Postulados metódicos da Jurisprudência dos Interesses:


(1) Princípio da obediência à lei
(2) Perspetivação do direito pelos interesses enquanto elementos transtextuais.
(3) Conceção da lei e o reconhecimento dos limites normativos da lei (com exceção daqueles que
traduzam uma mobilização juridicamente autónoma dos princípios.)
(4) Intenção prática do pensamento jurídico que deve surgir como “uma ciência normativa e prática
(…) cuja finalidade é servir a vida.”
a. Problemas normativos vs. Problemas de formulação: Os primeiros a identificar-se com as
questões juridicamente relevantes, radicadas em conflitos de interesses que têm de ser
solucionados em termos prático-teleologicamente adequados; os segundos a traduzir-se
nas preocupações associadas à articulada e empenhada exposição de soluções
acabadas de referir.
b.
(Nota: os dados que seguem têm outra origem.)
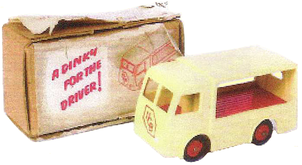 Dinky Toys 30v Electric Dairy Van 'N.C.B.' in USA catalogue 1951.

Sistema Interno vs. Sistema Externo – O Primeiro a dizer respeito à unitariamente
estruturada consideração dos problemas normativos e das suas soluções específicas
(Corresponde a um nexo objetivo entre as soluções dos problemas); o segundo a dizer
respeito à expositiva reprodução, determinada por objetivos didáticos, dos conteúdos
jurídicos.

1. O método da interpretação da Jurisprudência dos interesses enquanto superação


decisiva do equilíbrio da perspetiva tradicional.
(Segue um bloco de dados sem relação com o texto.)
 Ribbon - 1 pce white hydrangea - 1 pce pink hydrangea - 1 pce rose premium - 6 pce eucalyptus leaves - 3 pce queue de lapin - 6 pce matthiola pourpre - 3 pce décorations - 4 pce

1.1. A conceção de norma legal como solução valoradora de conflitos de interesses


Afirma-se uma autêntica perspetivação pelos interesses, passando estes a ser vistos como fatores
sociais extratextuais constitutivo da juridicidade. Isto é, os interesses como condições e fatos sociais ou de
realidade que se nos apresentam como motivos, forças e fins. Os interesses podem, porém, ser constituídos
por um espetro variadíssimo de fatores constitutivos, desde apetências estritamente económicas a
aspirações ideias –éticas… Porém, este espetro surge-nos submetido a um filtro de relevância puramente
empírico que procura determiná-los, como:
(1) Disposições de apetência para os bens da vida
(2) Motivos-fins de eficácia socialmente mobilizante
(3) Conteúdos de apetências individuais ou coletivas socialmente verificadas
(4) Fatos psicológico-sociais a operarem numa causalidade também sociológica.
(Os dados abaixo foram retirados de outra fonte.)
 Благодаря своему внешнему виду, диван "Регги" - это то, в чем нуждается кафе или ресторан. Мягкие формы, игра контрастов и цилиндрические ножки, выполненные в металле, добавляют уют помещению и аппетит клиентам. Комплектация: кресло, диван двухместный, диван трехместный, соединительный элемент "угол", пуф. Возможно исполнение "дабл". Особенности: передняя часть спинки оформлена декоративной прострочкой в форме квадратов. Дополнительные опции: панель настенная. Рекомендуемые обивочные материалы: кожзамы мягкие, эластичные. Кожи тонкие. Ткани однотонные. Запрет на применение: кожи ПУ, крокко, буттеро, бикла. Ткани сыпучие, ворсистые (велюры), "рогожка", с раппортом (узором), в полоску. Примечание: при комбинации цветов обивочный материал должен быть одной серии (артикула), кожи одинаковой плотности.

Importa agora, analisar a relação da norma legal com os interesses:


Parte de uma determinação social do direito, recusando a ideia de que “o direito surge
imediatamente dos factos ou dos fatores sociais”, sem a mediação do legislador e do jurista em geral. A
teoria genética dos interesses defende que os comandos legais visam:
(1) delimitar os interesses – autonomizando-se como mediações normativamente irredutíveis de
juízos de valor (tipificando conflitos de interesses e as soluções correspondentes com base num ideal
social).
(2) Como todos os comandos humanamente ativos, impõem-se na sua realidade social como
verdadeiros produtos de interesses – As leis resultam dos interesses de orientação de qualquer
comunidade jurídica, lutando uns com os outros pelo seu reconhecimento. É nesta conceção que
reside o núcleo da jurisprudência dos interesses.

A mediação valoradora esgota-se na preferência de um interesse sobre outro ou outros em conflito.


Assim, há um imperioso dever de obediência à lei. Porém, esta já não é o comando impositivo-
voluntaristicamente pré-escrito pela instância legislativa, mas a emblemática expressão da autonomia da
comunidade jurídica – representada pelo legislador, enquanto designação englobante dos interesses da
comunidade que obtiveram vigência na lei, tendo por objetivo solucionar um certo conflito de interesses.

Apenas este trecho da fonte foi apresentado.